# Need Help On a Powerpoint...



## Danusmc0321 (May 21, 2012)

I work for a security firm out of Boston, and I have to deliver a PowerPoint on command presence to one of our clients. I know this is a great place to ask for help on this topic. I was seeing if anyone has done/has one they used for an academy or any LE class. I have started it already; I'm just seeing what topics I might be overlooking or need to fill in better. P.M me with any idea's and I appreciate the help from all.

Regards


----------



## Hush (Feb 1, 2009)

A PowerPoint on command presence? What better than a LIVE DEMONSTRATION?


----------



## Dan Stark (Aug 2, 2005)

Keep it clean with bullet points. Speak extemporaneously to them. Don't read off the screen to your audience, it's short-bus retarded.

Go simple with transitions, and don't add in flying text with sparkles or sounds. Keep the colors and fonts readable. Do add some media or videos at some point to break up the presentation.
Know your audience, and toss in some humor that is relevant and appropriate.

That's all I can think off off the top of my head.


----------



## 7costanza (Aug 29, 2006)

Command presence, you either have it or you dont.


----------



## Rock (Mar 20, 2005)




----------



## CJIS (Mar 12, 2005)

"KISS" Keep it simple stupid. Don't make it too flashy i.e. sound effects on slide switches bizarre transitions etc.


----------



## LGriffin (Apr 2, 2009)

An important point to stress about command presence with regard to appearance is the study conducted where cop killers stated that the officers poor appearance was the number one reason they killed. This leaves quite an impression because most would assume that they just wanted to get away.

Unfortunately, I cannot recall the name of the study.


----------



## CJIS (Mar 12, 2005)

This is a good read to point for you

http://www.policeone.com/police-pro...sychological-influence-of-the-police-uniform/


----------



## Hush (Feb 1, 2009)

LGriffin said:


> An important point to stress about command presence with regard to appearance is the study conducted where cop killers stated that the officers poor appearance was the number one reason they killed. This leaves quite an impression because most would assume that they just wanted to get away.
> 
> Unfortunately, I cannot recall the name of the study.

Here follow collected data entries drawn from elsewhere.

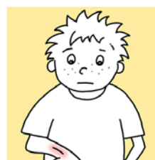
SPORO ZARASTANJE RANA

Hiperglikemija je medicinski izraz za povišenu vrijednost glukoze u krvi (GUK). Ako su vrijednosti GUK-a jako visoke ( > 15 mmol/l) vaša bolest je loše regulisana pa trebate provjeriti ketone u mokraći. Dobro regulisan dijabetes podrazumijeva da su vrijednosti glukoze u krvi između 6 i 10 mmol/l i glikolizirani hemoglobin, HBA1c <7\% .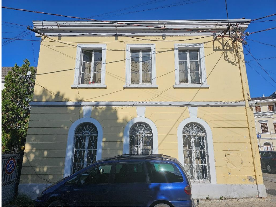
Foto 5. Foto e fasadës anësore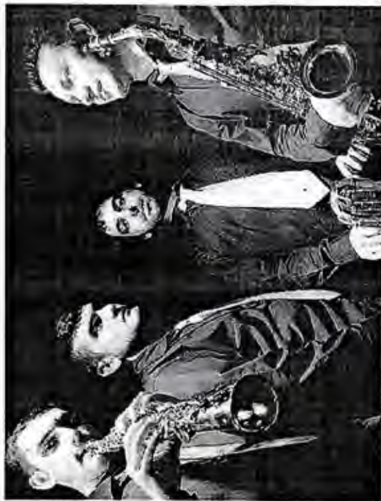
La formazione dell'Omnia Sax Quartet

L'appuntamento, possibile grazie alla collaborazione del Parco Nazionale dello Stelvio,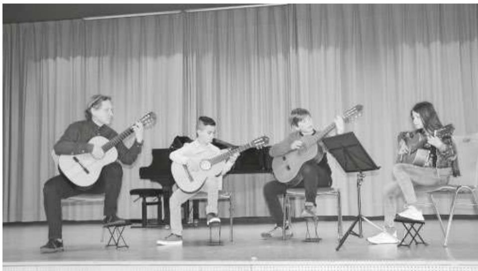
Ebenfalls werden Stücke in den unterschiedlichsten Besetzungen...

Jugend – Jugendmusikschule . Gerne sind wir auch telefonisch unter 07572 / 600 595 oder per E-Mail andre.streich@mengen.de für Sie da.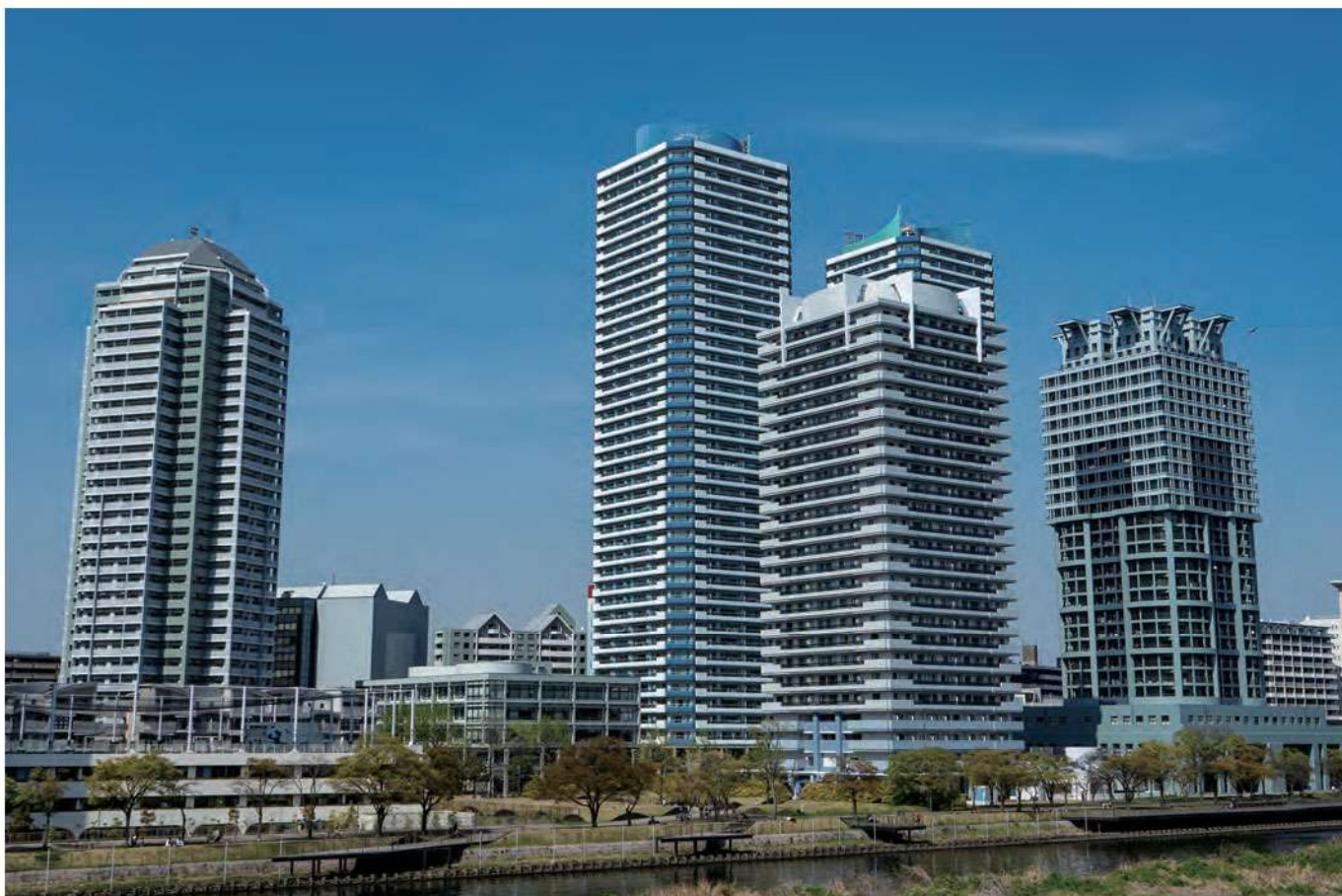
▲ヨコハマポートサイド地区のタワーマンション群

1990年（平成2年）頃より「アート&デザインの街」をコンセプトとする再開発が始まり、幅員の広い歩道が確保された道路やペDESTリアンデッキが整備されたほか、地区内の無電柱化が実施され、現在は、電柱・電線の無い広い空間にタワーマンションや高層オフィスビルなどが大空に向かってそびえ立つ光景が広がっています。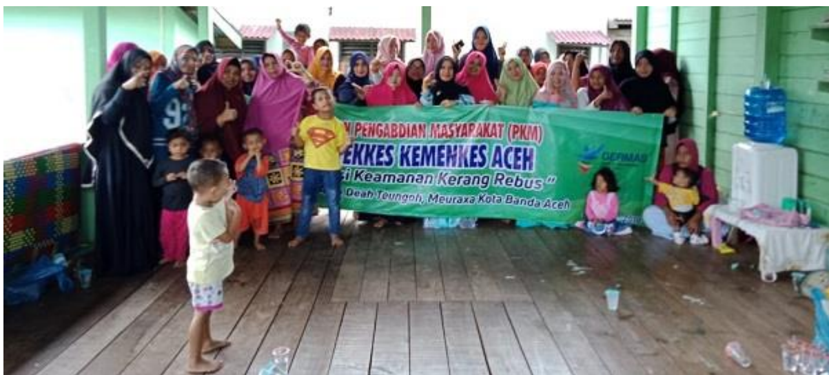
Gambar 5 : Antusias seluruh peserta pengabdian masyarakat

Hasil evaluasi tingkat pengetahuan peserta berdasarkan hasil pos-test menunjukkan adanya peningkatan yang signifikan dari nilai rata-rata 68 menjadi 92. Perbedaan nilai rata-rata pengetahuan peserta tersebut mengindikasikan efektifnya penyuluhan yang telah dilakukan dalam kegiatan pengabdian masyarakat ini. Diharapkan hasilnya dapat disosialisasikan lebih luas oleh para kader yang telah ikut mengsucceskan acara ini.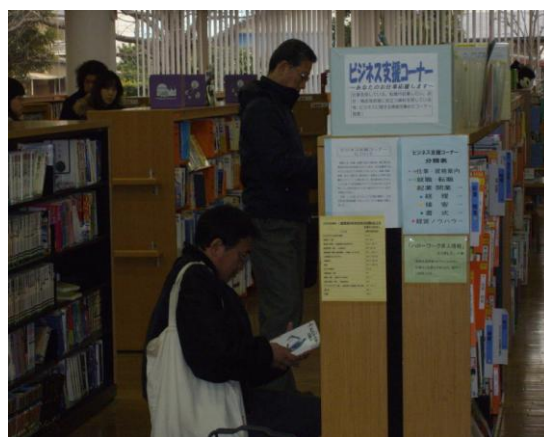
上福岡図書館のビジネス支援コーナー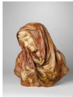
Buste de femme voilée souriant (200438)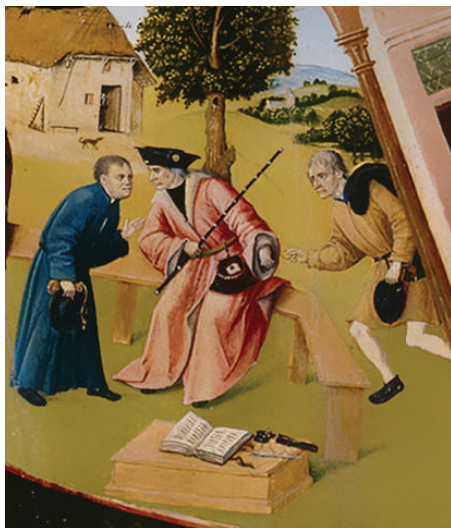
Фрагмент «Алчность» картины Иеронима Босха «Семь смертных грехов»

Рассматривая участников коррупции на примере взяточничества, стоит отметить, что в коррупционном процессе всегда участвуют две стороны. Одна сторона — это взяткополучатель (подкупаемый). Вторая сторона — это взяткодатель (осуществляющий подкуп). Также в процессе может участвовать и третья сторона — посредник.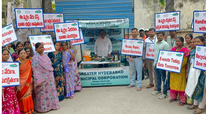
ఈ వేస్ట్ కలెక్షన్ సెంటర్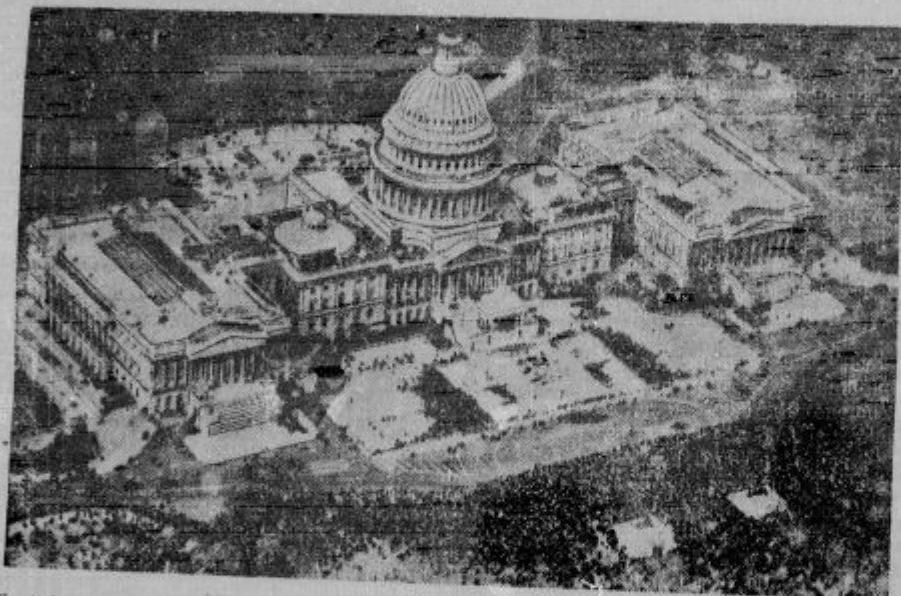
Kapitol, sedež predsednika Združenih držav, kamor romajo te dni predstavniki skoro vseh evropskih držav, da bi od Amerike izposlovali brisanje vojnih dolgov.

Was that the FBI LEOKA study?


----------



## Pvt. Cowboy (Jan 26, 2005)

Dan Stark said:


> Keep it clean with bullet points. Speak extemporaneously to them. Don't read off the screen to your audience, it's short-bus retarded.
> 
> Go simple with transitions, and don't add in flying text with sparkles or sounds. Keep the colors and fonts readable. Do add some media or videos at some point to break up the presentation.
> Know your audience, and toss in some humor that is relevant and appropriate.
> ...


Shoulda came with me to corporate America, Dan...

Kidding aside, that's the best description of an effective PowerPoint. I can't stress how important it is to NOT read the bullet points, that's the quickest way to get your prospective clients disinterested. Use them as a reminder of your next talking point. For instance...

• Physical appearance contributes to a more effective command presence.

You say, "Studies have shown that an in-shape, clean cut officer, draws more respect from those they interact with, than an officer who is substantially out of shape and unkept."

I'll let you use that if you like. For $5.


----------



## Dan Stark (Aug 2, 2005)

Is it too late to slide into a cubicle? I'm decent with numbers... 
like .45


----------



## Danusmc0321 (May 21, 2012)

Thank you everyone for the help and P.Ms, this is one of 5 classes I have to present to my clients security staff and each is an HOUR long, this topic is a pain in the ass for the time line and I appreciate the help. I definitely will add and use the recommendations made. The keeping it simple will be in effect because stretching this out to an hour won't be effective. Thanks again everyone.


----------



## Danusmc0321 (May 21, 2012)

Happy fahkin halloween!!


----------



## Dan Stark (Aug 2, 2005)

Danusmc0321 said:


> Happy fahkin halloween!!


Some pumkins are queeah

rofl


----------



## Pvt. Cowboy (Jan 26, 2005)

Dan Stark said:


> Some pumkins are queeah
> 
> rofl


Don't even need to watch it to know its the jackchop from that quote.

A scary face, a sad face, or... A syphilis face!


----------



## HuskyH-2 (Nov 16, 2008)

You'll be the baddest dood in Rahvere!


----------



## Hush (Feb 1, 2009)

Layaway....for people from Lynn


----------



## Hush (Feb 1, 2009)

Derails his own thread!


----------